Agents move around Smallville as one would in a simple video game, entering and leaving buildings, navigating its map, and approaching other agents. Agent movements are directed by the generative agent architecture and the sandbox game engine: when the model dictates that the agent will move to a location, we calculate a walking path to the destination in the Smallville environment and the agent begins moving. In addition, users can also enter the sandbox world of Smallville as an agent operating within it. The agent that the user embodies can be an agent already present in the world, such as Isabella and John, or it can be an outside visitor with no prior history in Smallville. The inhabitants of Smallville will treat the user-controlled agent no differently than they treat each other. They recognize its presence, initiate interactions, and remember its behavior before forming opinions about it.

Users and agents can influence the state of the objects in this world, much like in sandbox games such as The Sims. For example, a bed can be occupied when an agent is sleeping, and a refrigerator can be empty when an agent uses up the ingredients to make breakfast. End users can also reshape an agent’s environment in Smallville by rewriting the status of objects surrounding the agent in natural language. For instance, when Isabella is making breakfast in the morning, the user can change the status of the kitchen stove from “turned on” to “burning” by inputting a command to the system that chooses the object and illustrates its new status, like this: “<Isabella’s apartment: kitchen: stove> is burning.” Isabella will notice this in the next moment and go to turn off the stove and remake her breakfast. Likewise, if the user sets the status of Isabella’s shower to “leaking water” when she enters the bathroom, she gathers tools from her living room and try to fix the leak.

3.3 Example “Day in the Life”

Starting from the single-paragraph description, agents begin plan their days. As time passes in the sandbox world, their behaviors evolve as these agents interact with each other and the world, build memories and relationships, and coordinate joint activities.

We demonstrate the behavior of generative agents by tracing the output of our system over the course of one day for the agent John Lin (Figure 3). In the Lin family, John is the first to wake up at 7 a.m. He brushes his teeth, takes a shower, gets dressed, eats breakfast, and checks the news at the dining table in the living room.

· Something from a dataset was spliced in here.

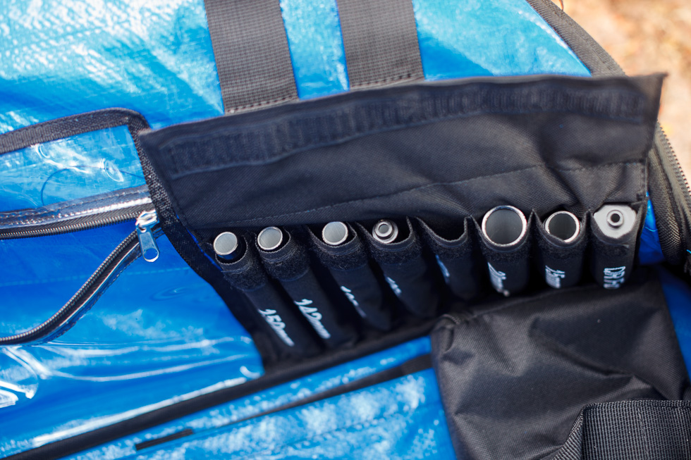 Funny that the 130mm spacer fit my 135mm-spaced Salsa Fargo just fine. This might explain why I always have a little bit of a hard time sliding the back wheel into the dropouts. I’m glad the bag comes with different spacer sizes. The dedicated pockets make it easy to store the spacers when not in use. I do remove all the spacers from the bag to make it a little bit lighter; there’s no need to have all the spacers inside the bag during transport.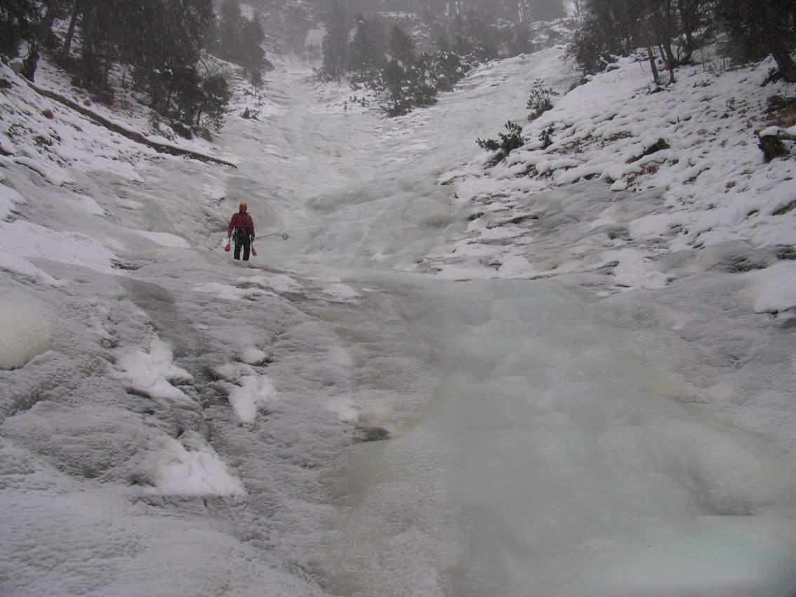 Achtung: Wenn oben Leute klettern, ist man beim „Zustieg“ im breiten Kessel genau in der Schusslinie (Eisschlag).

At 8 a.m., Eddy follows suit, rushing out of bed to prepare for his classes. He catches up with John just as he is about to head out:

John: Good morning Eddy. Did you sleep well?

Eddy: Good morning dad. Yeah, I slept great.

John: That’s good. What are you working on today?

Eddy: I’m working on a new music composition for my class. It’s due this week, so I’m trying to get it finished. But I’m having so much fun with it!

John: That sounds great!

Soon after Eddy heads out, Mei wakes up and joins John. Mei asks about her son, and John recalls the conversation that they just had:

Mei: Did Eddy already leave for school?

John: Yes, he just left. He’s working on a music composition for his class.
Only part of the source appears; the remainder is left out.